**Work to be completed:** Starting from the line with "4月18日,在日本东京,行人" and going up to and including the line with "Cualquier club afiliado", copy the listing below exactly. Leave all images out.

■ ■ ■ ■ ■

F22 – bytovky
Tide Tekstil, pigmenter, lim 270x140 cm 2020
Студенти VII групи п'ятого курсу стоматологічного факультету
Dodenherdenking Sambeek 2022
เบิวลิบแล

■ ■ ■ ■ ■

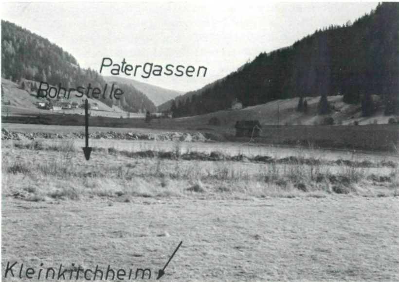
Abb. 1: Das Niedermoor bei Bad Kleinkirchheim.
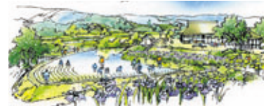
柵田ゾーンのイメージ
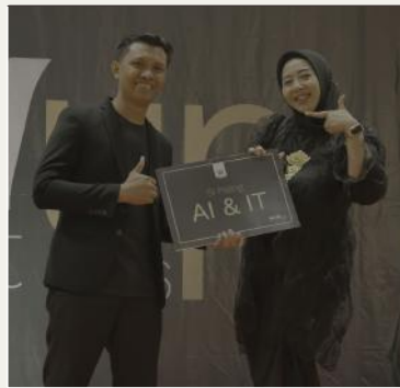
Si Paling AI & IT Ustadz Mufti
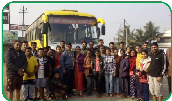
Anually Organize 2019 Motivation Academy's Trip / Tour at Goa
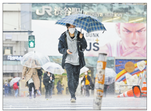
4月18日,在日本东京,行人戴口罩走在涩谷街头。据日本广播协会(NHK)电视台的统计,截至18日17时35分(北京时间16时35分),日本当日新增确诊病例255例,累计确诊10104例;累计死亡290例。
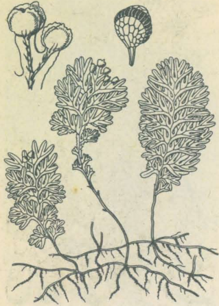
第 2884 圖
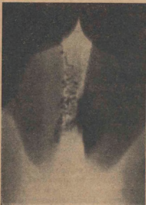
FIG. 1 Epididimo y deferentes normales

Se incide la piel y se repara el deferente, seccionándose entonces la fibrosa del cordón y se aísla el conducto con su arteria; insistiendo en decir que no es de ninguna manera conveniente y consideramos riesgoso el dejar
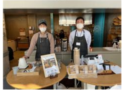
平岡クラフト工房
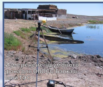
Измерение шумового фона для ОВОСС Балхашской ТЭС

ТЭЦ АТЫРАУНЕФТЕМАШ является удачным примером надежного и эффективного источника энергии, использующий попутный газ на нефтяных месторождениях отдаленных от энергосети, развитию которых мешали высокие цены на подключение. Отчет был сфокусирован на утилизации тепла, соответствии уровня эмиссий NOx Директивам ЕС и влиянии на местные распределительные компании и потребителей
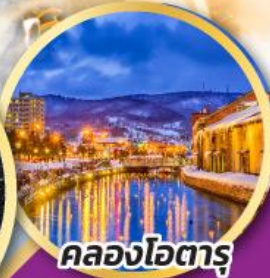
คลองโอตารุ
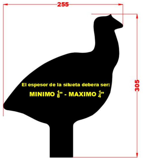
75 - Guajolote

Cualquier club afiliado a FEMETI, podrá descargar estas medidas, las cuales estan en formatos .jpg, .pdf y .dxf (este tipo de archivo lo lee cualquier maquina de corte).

■ ■ ■ ■ ■

**Task answer:**
4月18日,在日本东京,行人戴口罩走在涩谷街头。据日本广播协会(NHK)电视台的统计,截至18日17时35分(北京时间16时35分),日本当日新增确诊病例255例,累计确诊10104例;累计死亡290例。
第 2884 圖
FIG. 1 Epididimo y deferentes normales

Se incide la piel y se repara el deferente, seccionándose entonces la fibrosa del cordón y se aísla el conducto con su arteria; insistiendo en decir que no es de ninguna manera conveniente y consideramos riesgoso el dejar
平岡クラフト工房
Измерение шумового фона для ОВОСС Балхашской ТЭС

ТЭЦ АТЫРАУНЕФТЕМАШ является удачным примером надежного и эффективного источника энергии, использующий попутный газ на нефтяных месторождениях отдаленных от энергосети, развитию которых мешали высокие цены на подключение. Отчет был сфокусирован на утилизации тепла, соответствии уровня эмиссий NOx Директивам ЕС и влиянии на местные распределительные компании и потребителей
คลองโอตารุ
75 - Guajolote

Cualquier club afiliado a FEMETI, podrá descargar estas medidas, las cuales estan en formatos .jpg, .pdf y .dxf (este tipo de archivo lo lee cualquier maquina de corte).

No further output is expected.